State Chancellery Head Florian Herrmann (CSU) justifies the fact that the Free State is going its own way with the fact that Bavaria was “in 16th place” in the country ranking of corona incidences on Tuesday, the last place, the Bavarian incidence (107.9) is significantly lower than the national average (204.2). It’s all nonsense, says SPD politician Waldmann, “the incidences have long since ceased to be meaningful.” Health Minister Holetschek meanwhile emphasizes that in 23 of the 27 EU countries there is no longer a mask requirement. And he gives numbers beyond the incidence to illustrate the waning of the pandemic. Accordingly, people infected with corona (six percent) no longer account for the highest proportion of respiratory diseases. The proportion of influenza (36) and the RS virus (19) is now higher. A mask requirement to protect against the corona virus is therefore no longer proportionate, says Holetschek.
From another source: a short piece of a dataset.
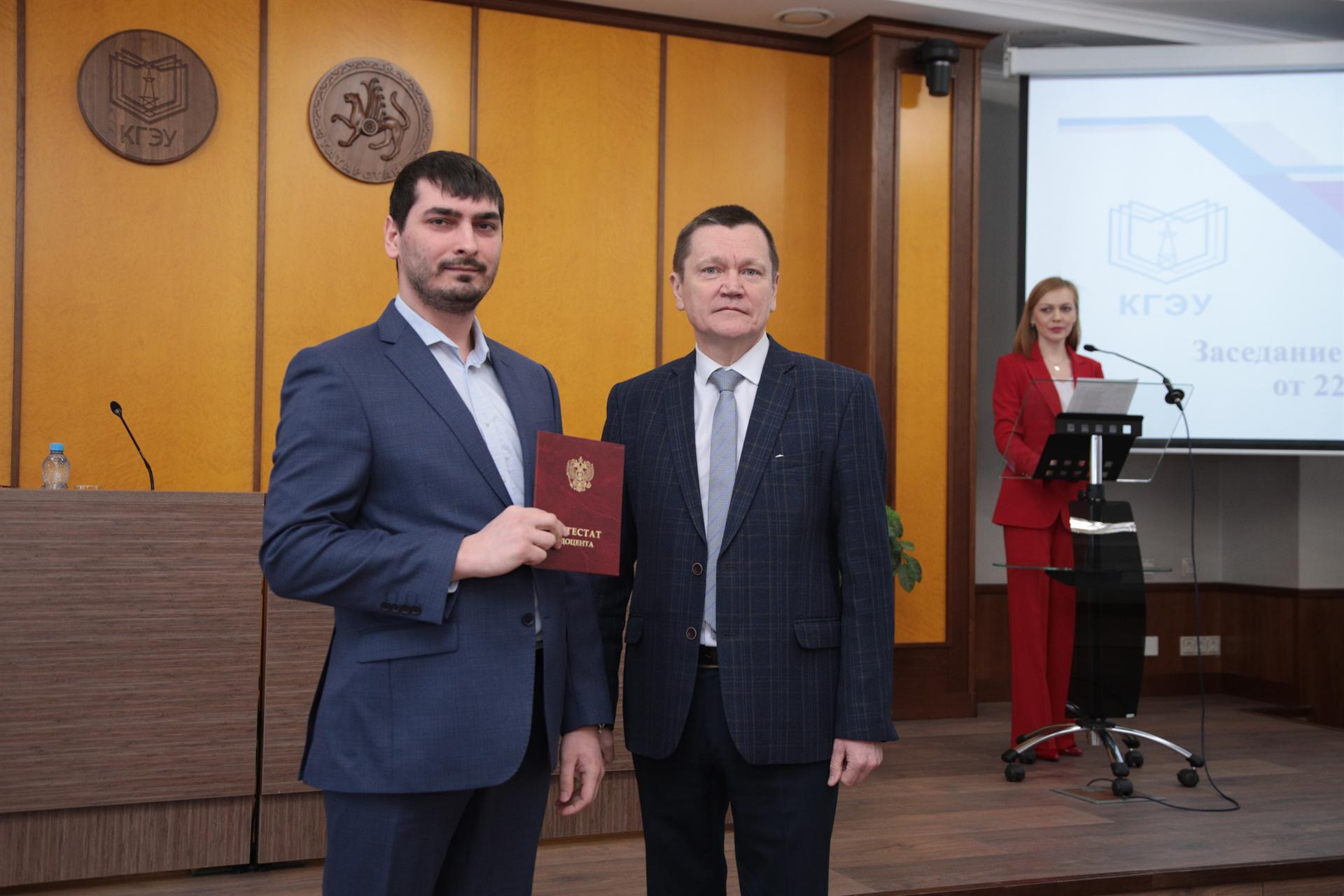 Диплом доктора технических наук вручили профессору кафедры «Электрические станции им. В.К.Шибанова» Георгию Вагапову. Диплом кандидата технических наук получила Нурия Айкенова (научный руководитель, доктор технических наук, профессор – Лариса Николаева). Аттестаты доцента по специальности вручили заведующему кафедрой «Электрооборудование и электрохозяйство предприятий, организаций и учреждений», кандидату технических наук Рамилу Гибадуллину и доценту кафедры «Релейная защита и автоматизация элекроэнергетических систем», кандидату технических наук Юрию Писковацкому.

Especially with regard to the RS virus and the children’s hospitals, the minister admits that “we have a situation that is very tense”. The State Office for Health and Food Safety (LGL) will therefore advise what can be done about this, for example by “controlling the flow of patients” between the hospitals. In addition, Holetschek announced that he would make five million euros available to the Bavarian children’s hospitals “in the short term” for instruments and “to bring relief to the area”.

While the end of the Bavarian mask requirement in local public transport is now imminent, it will generally apply beyond December 9th in particularly sensitive areas – the state government also decided this on Tuesday by extending the current Infection Protection Ordinance. In addition to medical practices, this includes hospitals and nursing homes, in which there are still mandatory tests.